# Shepton Mallet @ The Motorhome Show, Shepton Mallet



## nukeadmin (Oct 10, 2003)

There has been a new Show Rally added to the rally programme. The Show Rally is at The Motorhome Show, Shepton Mallet in Shepton Mallet, Somerset starting 11/09/2014

More information will be available at the following url once the entry has been approved and active (Normally within 24hrs): 
http://www.motorhomefacts.com/modules.php?name=Rallies&op=display_results&rid=457

If you have any questions about the rally or want to chat about it then please post in this thread.


----------



## LadyJ (May 9, 2005)

*New Attendee Added*

LadyJ has just added their name to attend this rally


----------



## caz_cat (Jun 24, 2006)

*New Attendee Added*

caz_cat has just added their name to attend this rally


----------



## waspes (Feb 11, 2008)

*New Attendee Added*

waspes has just added their name to attend this rally


----------



## larrywatters (Aug 21, 2007)

*New Attendee Added*

larrywatters has just added their name to attend this rally


----------



## oldenstar (Nov 9, 2006)

*New Attendee Added*

oldenstar has just added their name to attend this rally


----------



## LadyJ (May 9, 2005)

Hi All 


Am looking for lots more peoples for this show in September please, there are usually about 150 stalls and evening entertainment is free  so come on and join us there


Jacquie


----------



## GMJ (Jun 24, 2014)

I'm in 2 minds over this show or the NEC in October :?: 

Is there any difference?

fyi...The CC has pitches at the NEC one for £30 including EHU...

Graham :?


----------



## LadyJ (May 9, 2005)

GMJ said:


> I'm in 2 minds over this show or the NEC in October :?:
> 
> Is there any difference?
> 
> ...


Hi Graham

Depends on what your looking for really, if your looking for a new van then NEC prob best although very expensive for camping :roll:

Shepton has a good mix of used and new vans and usually plenty of accessories. Out of all the Shows Shepton in September is the one I like the best, camping from Thursday to Monday and not at an extortionate cost either  plus we have a hard standing pitch there so if wet no chance of sinking 

We don't usually have electric but I think you can pre book it yourself through LX Trix e.mail [email protected] or Phone 01749 823162, not sure how much it is now days.

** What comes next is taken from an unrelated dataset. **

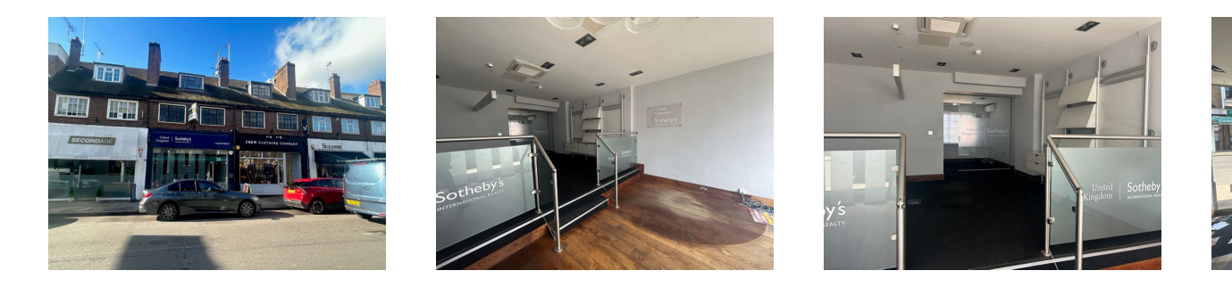
Rent: £52,500 Per annum + VAT Size: 557 Square feet Ref: #3143 Status: New on!

If you do decide to come to Shepton with us and book electric please let me know

Jacquie


----------



## GMJ (Jun 24, 2014)

Thanks Jacquie  

Our preference would be for Shepton as it sounds like a nicer prospect all round. We would probably only stay for 1 night I think (maybe 2). We arnt after a new/old MH but rather want to see what things are available for winter MHing as we plan to use ours throughout the winter. 

I'll let you know what we decide to do

Graham


----------



## LadyJ (May 9, 2005)

If anyone wants electric at Shepton you can pre book it through LX Trix e.mail [email protected] or Phone 01749 823162, the price is £26.40.

If booking electric please tell them you want it on Motorhomefacts. pitch and please let me know you have booked it.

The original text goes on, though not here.